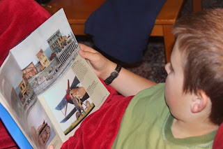 I 'caught' both boys on the couch completely immersed in their reading. It so happened that both were reading something they received from precious friends in California. Once immersed it is hard to get their attention, not even breakfast offers break the concentration.
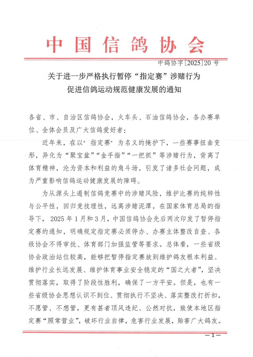 真是干体育的出身 ?讲了多少次了,指定是堵博是违法 !还在使用 “暂停 ”,中国信鸽协会你是傻啊 !
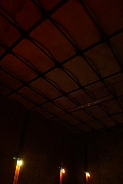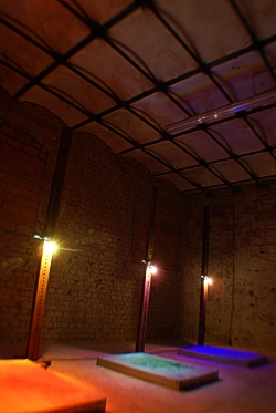 e n g l i s h The RRRGGGBBB-TOMB is an extensive installation made with methods and objects found at the textile museum. Spots have been fixed to textile-tension-beams. Thus the room turns into a halfshadowed tomb whereas the basic colors of the electrical image generate a floating mixture. From the floor 3 hollow aluminum blocks spread the pale illumination into the darkest corners of the space. The initial window-element turned into a blind mirror. also This mirror simply relegates back into the room. The room reminds a black box. The back-stage of a magic theatre where manufactory's, industries and digital illusions have come to an end. They culminate to some kind of explosive matter made from the indescribable époque we live in.

━━━━━━━━━━━━━━━━

Repeat the material above word for word and skip every image in it.

 I 'caught' both boys on the couch completely immersed in their reading. It so happened that both were reading something they received from precious friends in California. Once immersed it is hard to get their attention, not even breakfast offers break the concentration.
 真是干体育的出身 ?讲了多少次了,指定是堵博是违法 !还在使用 “暂停 ”,中国信鸽协会你是傻啊 !
 e n g l i s h The RRRGGGBBB-TOMB is an extensive installation made with methods and objects found at the textile museum. Spots have been fixed to textile-tension-beams. Thus the room turns into a halfshadowed tomb whereas the basic colors of the electrical image generate a floating mixture. From the floor 3 hollow aluminum blocks spread the pale illumination into the darkest corners of the space. The initial window-element turned into a blind mirror. also This mirror simply relegates back into the room. The room reminds a black box. The back-stage of a magic theatre where manufactory's, industries and digital illusions have come to an end. They culminate to some kind of explosive matter made from the indescribable époque we live in.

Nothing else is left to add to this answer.